Question

What is the integration of $\int{\dfrac{\cos x+x\sin x}{x\left( x+\cos x \right)}dx}$ ?

Answer 1

Hint: Try to break the numerator into $\left( x+\cos x \right)-x\left( 1-\sin x \right)$ then break it.
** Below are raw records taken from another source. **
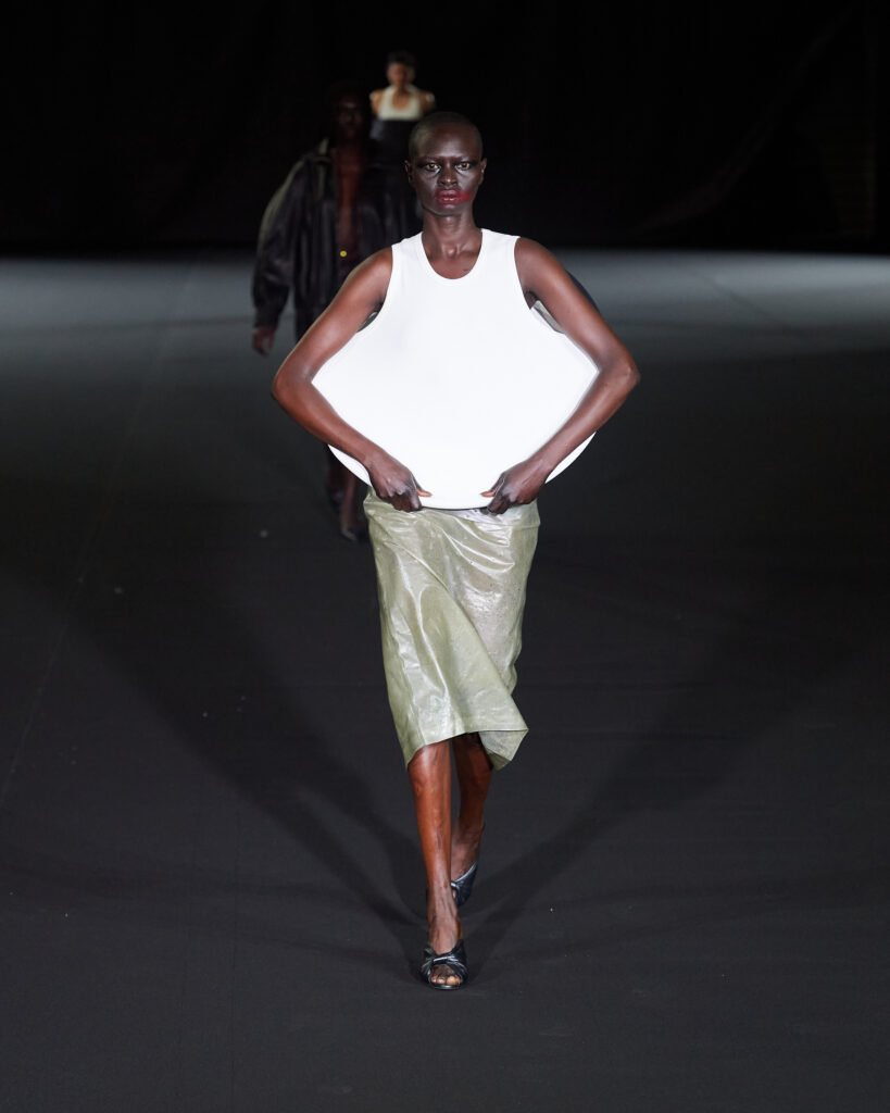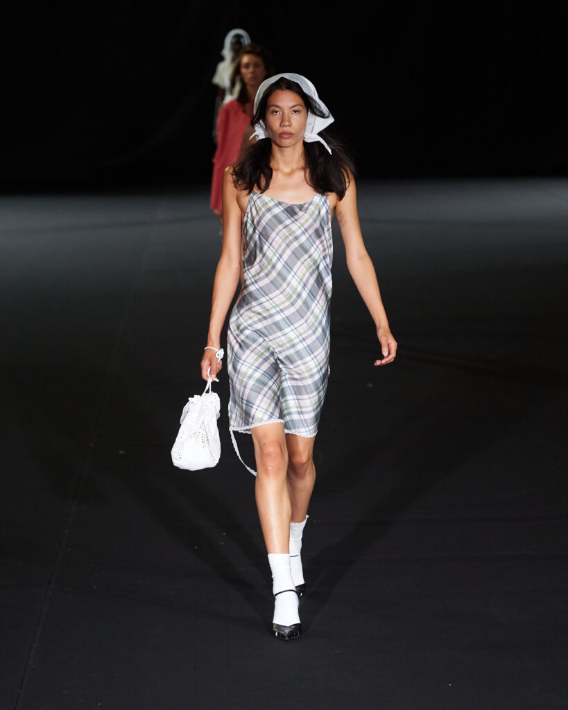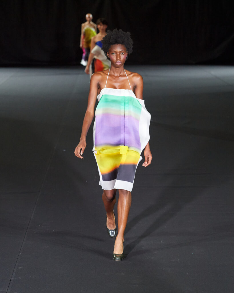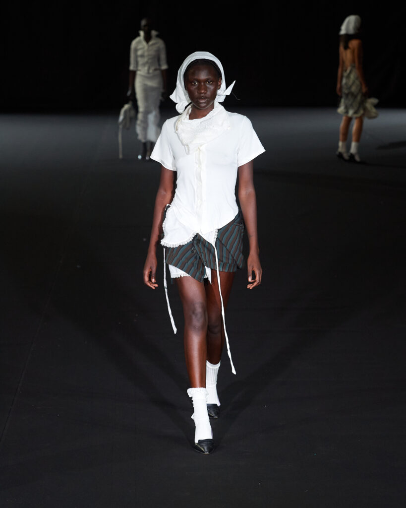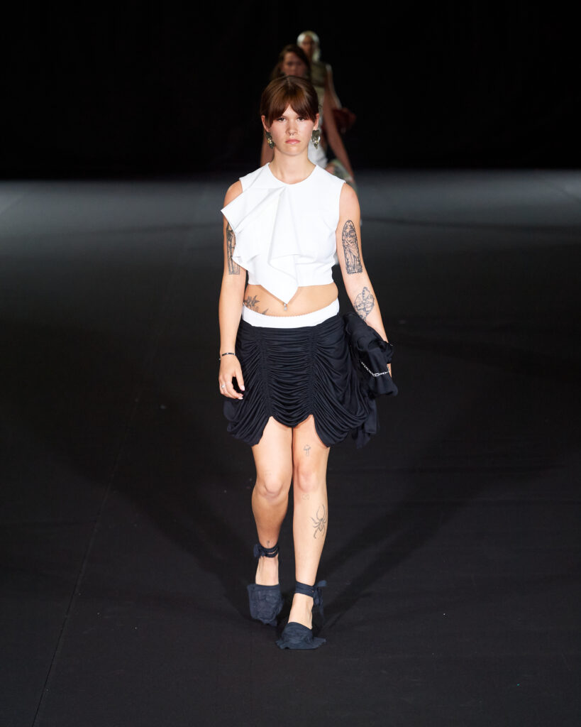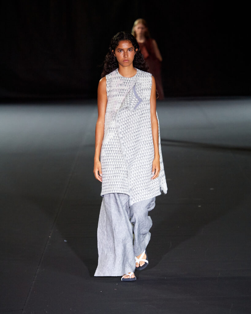 5. Sarah Blicher Bek : « Stay Soft » de Sarah Blicher Bek combine mode et philosophie pour explorer les juxtapositions entre le doux et le dur. Sa collection utilise des stratégies inclusives et la collaboration avec des artisans locaux pour promouvoir la longévité esthétique.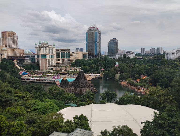 Alternative Text: The image shows a cityscape with tall modern buildings overlooking a large water-themed amusement park surrounded by lush greenery. There are pools, slides and decorative rock structures, with a calm lake in the center and dense trees in the foreground in Bandar Sunway, Malaysia.
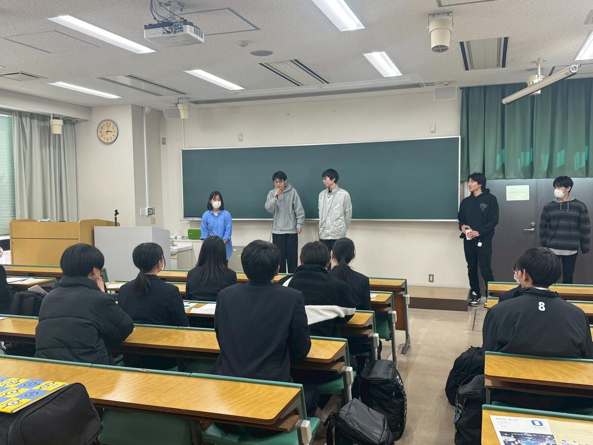 また、現役学生さんとの懇談会では、大学の授業のこと、サークル活動のこと、下宿生活のことなど、気になっていることをなんでも気軽に聞くことができ、参加した生徒は非常に満足し、大学生活というものに大きな希望と期待と抱いた様子でした。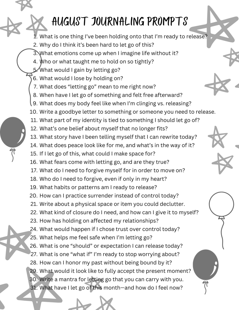 Featured August Journaling Prompts On August 1, 2025September 1, 2025 By 2ndhandspiritedIn journal, journal promptsLeave a comment August 2025 PromptsDownload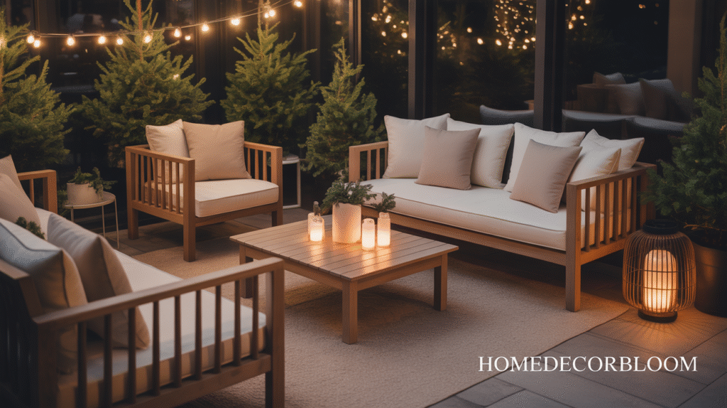 Add subtle touches such as neutral-colored cushions, soft throws, or small potted evergreens to enhance comfort while complementing the warm illumination. This approach highlights the elegance of your minimalist outdoor Christmas decor while making the seating area functional and welcoming for evening gatherings.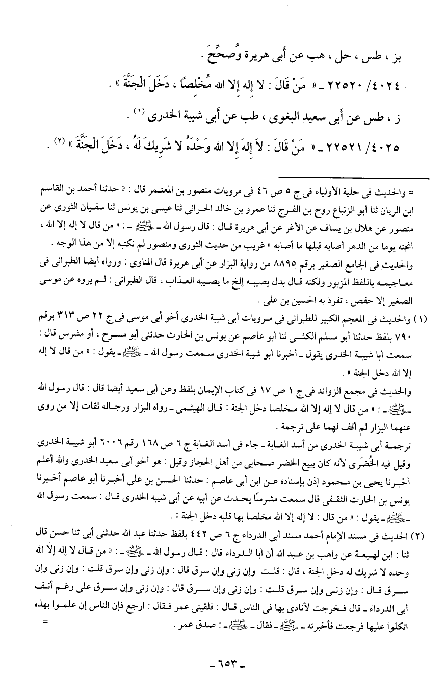 4025/ 22521 - "مَنْ قَال: لَا إِلهَ إِلا الله وَحْدَهُ لا شَرِيكَ لَهُ، دَخَلَ الْجَنَّةَ" (¬2).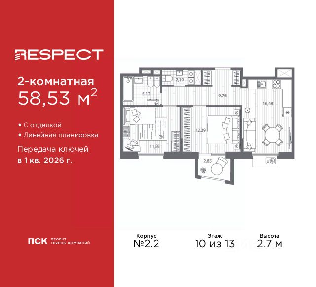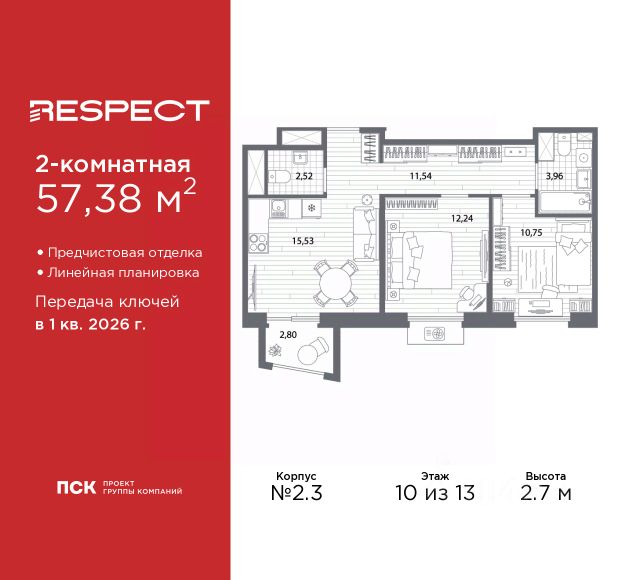 Двухкомнатная квартира с предчистовой отделкой в ЖК "RESPECT" на 10 этаже. Общая площадь: 57.38 кв.м., жилая: 22.99 кв.м., площадь просторной кухни-столовой: 15.53 кв.м. Комнаты изолированные, все окна выходят на одну сторону. В квартире один балкон, один совмещенный и один раздельный санузел. Высота потолков 2.7 м. Дом монолитный, многоподъездный, переменной этажности, от 8 до 13 этажей. Квартира находится в 1-й секции высотой 13 этажей в корпусе 2. На этаже 5 квартир. В подъезде 1 пассажирский и 1 грузовой лифт. Окончание строительства - 1 квартал 2026 года. Оформление сделки по договору долевого участия. В шаговой доступности от жилого комплекса имеются станции метро (расстояние по прямой): "Лесная" (800 м), "Площадь Мужества" (1.4 км), "Выборгская" (1.9 км), также недалеко от этого корпуса находятся станции метро: "Академическая", "Политехническая". Жилой квартал "RESPECT" строится на Полюстровском пр, 87, в одной из самых востребованных локаций Петербурга. В 10 минутах пешком - метро "Лесная" и в 10 минутах на транспорте - Петроградская сторона. Высота домов от 7 до 13 этажей. Квартиры сдаются с отделкой white box и с чистовой отделкой. На территории Respect строится школа на 1125 учащихся и детский сад на 240 мест. Запроектированы собственная газовая котельная, закрытая территория, дворы без машин и подземные паркинги с лифтами. В проекте предусмотрены трапециевидные балконы или остекленные лоджии, которые, с одной стороны, исключают монотонность фасада, являясь декоративными элементами, с другой дополнительным функциональным пространством в квартирах. Цветовая гармония фасадов каждого дома раскрывает характер квартала. Коричневый цвет клинкерного кирпича со структурой водяных штрихов — цвет уюта и безопасности, сдержанности и надёжности. Вентилируемые фасады облицованы клинкерным кирпичом. Его высокая прочность позволяет давать 100 лет гарантии на этот материал. Водопоглощение клинкерного кирпича составляет менее 5%, за счет чего у него высокая теплопроводность и прочность. В квартале запроектированы внутренние закрытые территории дворов домов без доступа автомобилей и безбарьерная среда для велосипедистов и колясок. Предусмотрены IP-домофония с функцией дистанционного открывания калиток и парадных, а также дистанционный сбор показаний счетчиков и мобильное приложение для жителей. Для безопасности жителей квартала - круглосуточное видеонаблюдение и служба охраны. В каждой квартире предусмотрены внешние корзины для кондиционеров. Вся территория квартала будет связана единой концепцией благоустройства, разработанной ландшафтным бюро L.BURO. На эксплуатируемой кровле на уровне первого этажа в домах 1 и 4 будут обустроены общественные видовые террасы. Это станет не только привлекательным местом с красивым видом, но и удобным, многофункциональным пространством. Дизайн парадных зон и входных групп - сочетание лаконичности отделки и декоративных элементов с текстурами из натурального камня и дерева с приглушенной подсветко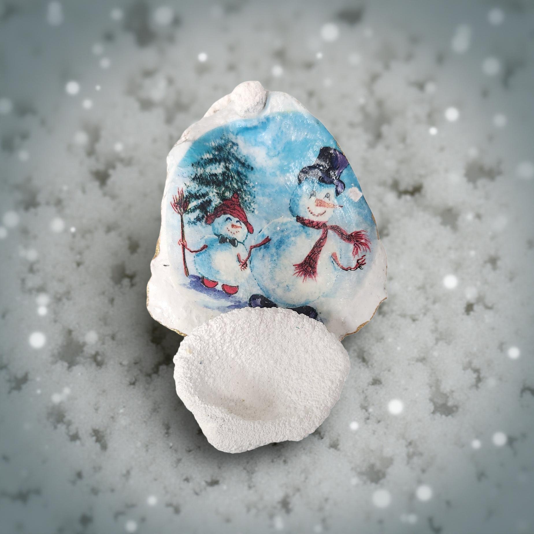 Christmas Oyster Shell - Decoupage Holiday Decor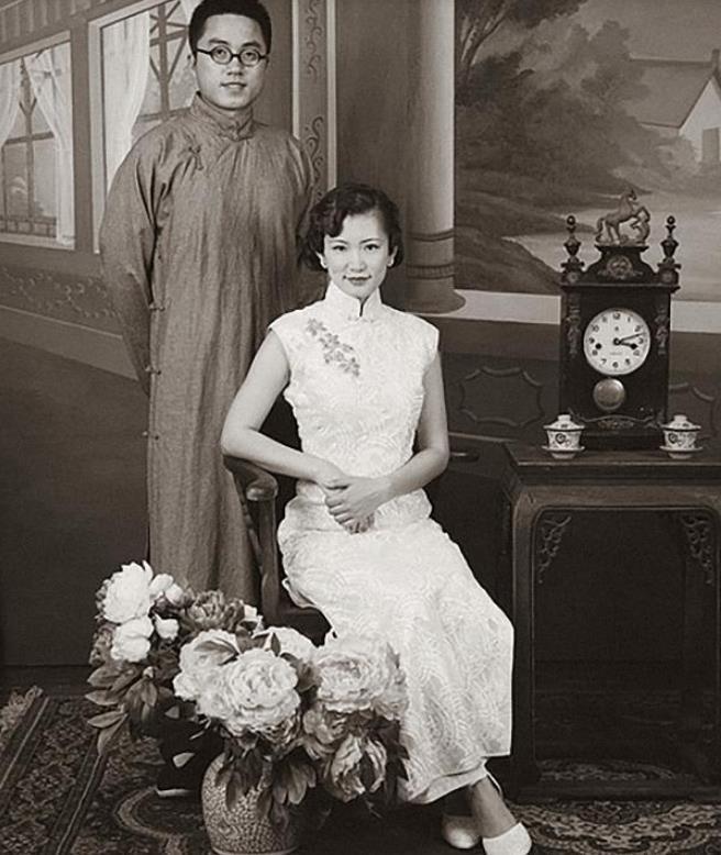 民国时接受过西方教育的夫妻,服饰是中西方结合,并且家庭条件不错。男方穿的是传统的长袍马褂,女方穿的则是西方的礼服。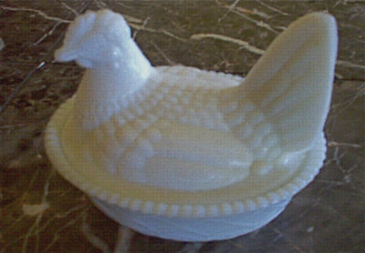 vintage milk glass chicken hen dish w/cover mint

Apply integration separately and you’ll get the answer.

Complete step by step answer:

In the fraction $\dfrac{\cos x+x\sin x}{x\left( x+\cos x \right)}$ we will consider numerator first which is $\cos x+x\sin x$ which can be written as \[\left( x+\cos x-x+x\sin x \right)\] which can be further written as
\[\left( x+\cos x-\left( x-x\sin x \right) \right)\]
\[\Rightarrow \left( x+\cos x-x\left( 1-\sin x \right) \right)\]
So, \[\cos x+x\sin x\] can be written as \[\left( x+\cos x-x\left( 1-\sin x \right) \right)\]
Hence instead of fraction \[\dfrac{\cos x+x\sin x}{x\left( x+\cos x \right)}\] as \[\dfrac{\left( x+\cos x \right)-x\left( 1-\sin x \right)}{x\left( x+\cos x \right)}\]
Now, we will break it into two fractions which are
\[\dfrac{\left( x+\cos x \right)}{x\left( x+\cos x \right)}-\dfrac{x\left( 1-\sin x \right)}{x\left( x+\cos x \right)}\]
Hence, can be written as
\[\dfrac{1}{x}-\dfrac{1-\sin x}{x+\cos x}\]
Now we will consider this \[\dfrac{1}{x}-\dfrac{1-\sin x}{x+\cos x}\] to integrate.
Hence,
\[\int{\dfrac{\cos x+x\sin x}{x\left( x+cosx \right)}dx=}\int{\dfrac{1}{x}dx}-\int{\dfrac{1-\sin x}{x+\cos x}dx}\]
Now as we know that \[\int{\dfrac{1}{x}dx}=\ln \left( x \right)+{{c}_{1}}\]
So will write in next line and for \[\dfrac{1-\sin x}{x+\cos x}\] we will take \[x+\cos x=t\]
So, \[\left( 1-\sin x \right)dx=dt\]
Hence, in second line we write
\[=\ln \left( x \right)+{{c}_{1}}-\int{\dfrac{dt}{t}}\]
So as we know \[\int{\dfrac{dt}{t}}\] is \[\ln \left( t \right)+{{c}_{2}}\]
So,
\[\ln x+{{c}_{1}}-\int{\dfrac{dt}{t}}=\ln x+{{c}_{1}}-\left( \ln \left( t \right)+{{c}_{2}} \right)\]
\[=\ln x-\ln \left( t \right)+{{c}_{1}}-{{c}_{2}}\]
Hence, t was \[\left( x+\cos x \right)\] so we will substitute right back and instead \[{{c}_{1}}-{{c}_{2}}\] we can write simply c to represent constants.
$=\ln \left( x \right)-\ln \left( x+\cos x \right)+c$
Which can be further written as
$\ln \left( \dfrac{x}{x+\cos x} \right)+c$
Hence, the answer is $\ln \left( \dfrac{x}{x+\cos x} \right)+c$.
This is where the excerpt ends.